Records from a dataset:
◇ ◇ ◇ ◇

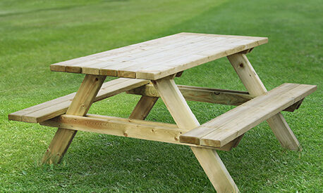 1.6m long picnic table – suitable for use in low to medium usage areas. Ground fixing anchors available.
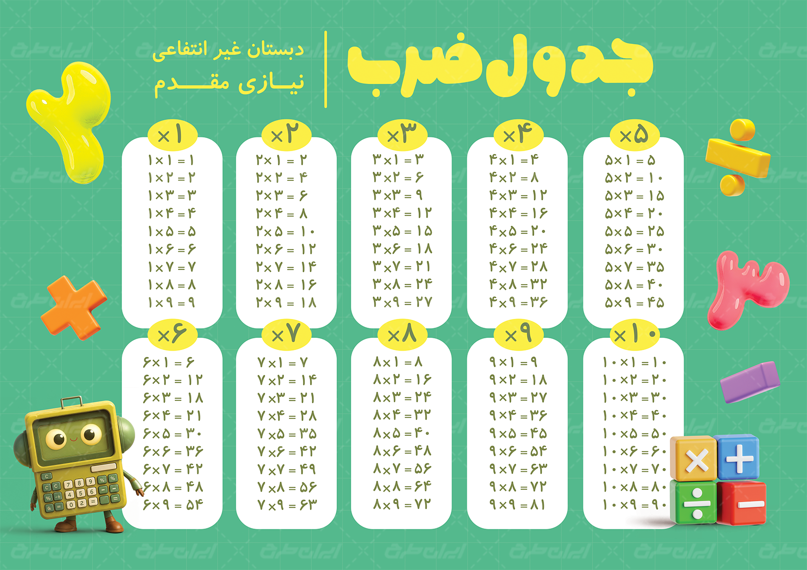 طرح جدول ضرب، وکتور، عکس باکیفیت، لیبل و شیپ های کاربردی می باشد.
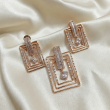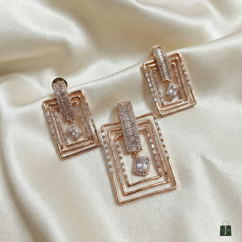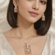 Make a bold statement of sophistication with this rose gold layered geometric pendant and matching earrings set. Featuring an architectural rectangular design with cascading frames, each piece is accented with precision-set baguette and brilliant-cut stones for captivating sparkle. The suspended central diamond adds graceful movement, creating a perfect harmony of structure and elegance. Crafted for contemporary luxury lovers, this set embodies confidence, artistry, and timeless refinement.
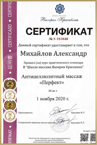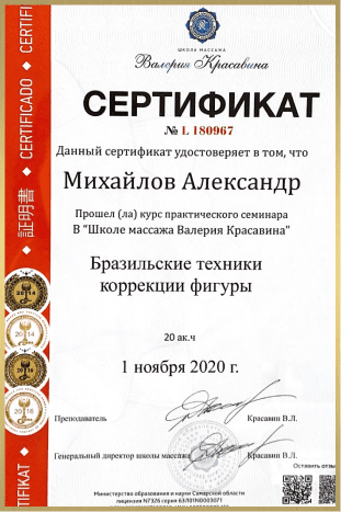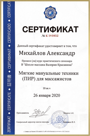 Александ, наш семейный массажист, я хожу к Александру более 6 лет, муж и свёкр чуть меньше и хочу сказать, что это лучший массажист, которого я знаю, настоящий профессионал своего дела. Постоянно развивается, не стоит на месте, знает много техник, имеет множество сертификатов. В кабинете уютная атмосфера. Я была у многих массажистов и не кривя душой могу сказать: "Саш, ты best of the best"
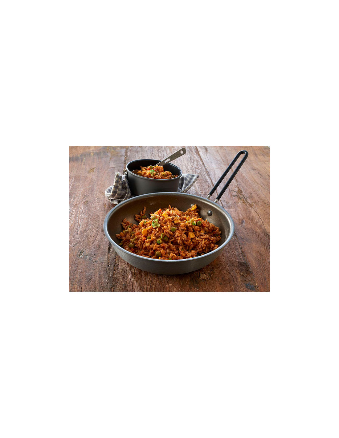 Lyofilizované jídlo Vegetable Jambalaya je založeno na dlouhozrnné rýži a je doma zejména v cajunské a kreolské kuchyni.
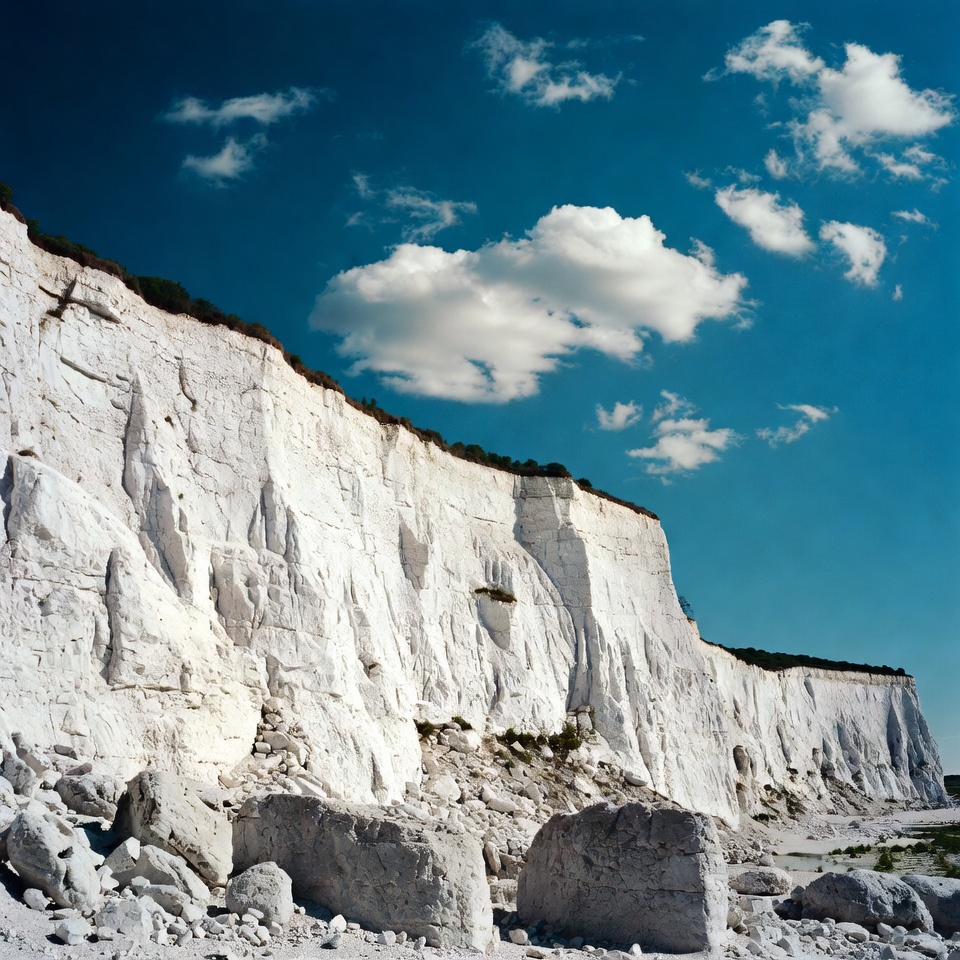 White Chalk Cliffs and Beach Rocks

◇ ◇ ◇ ◇

INSTRUCTIONS FOR THE TASK: In the records above, find the line that contains "Make a bold" and retype it and all lines after it exactly, leaving out any pictures.

EXERCISE OUTPUT:
 Make a bold statement of sophistication with this rose gold layered geometric pendant and matching earrings set. Featuring an architectural rectangular design with cascading frames, each piece is accented with precision-set baguette and brilliant-cut stones for captivating sparkle. The suspended central diamond adds graceful movement, creating a perfect harmony of structure and elegance. Crafted for contemporary luxury lovers, this set embodies confidence, artistry, and timeless refinement.
 Александ, наш семейный массажист, я хожу к Александру более 6 лет, муж и свёкр чуть меньше и хочу сказать, что это лучший массажист, которого я знаю, настоящий профессионал своего дела. Постоянно развивается, не стоит на месте, знает много техник, имеет множество сертификатов. В кабинете уютная атмосфера. Я была у многих массажистов и не кривя душой могу сказать: "Саш, ты best of the best"
 Lyofilizované jídlo Vegetable Jambalaya je založeno na dlouhozrnné rýži a je doma zejména v cajunské a kreolské kuchyni.
 White Chalk Cliffs and Beach Rocks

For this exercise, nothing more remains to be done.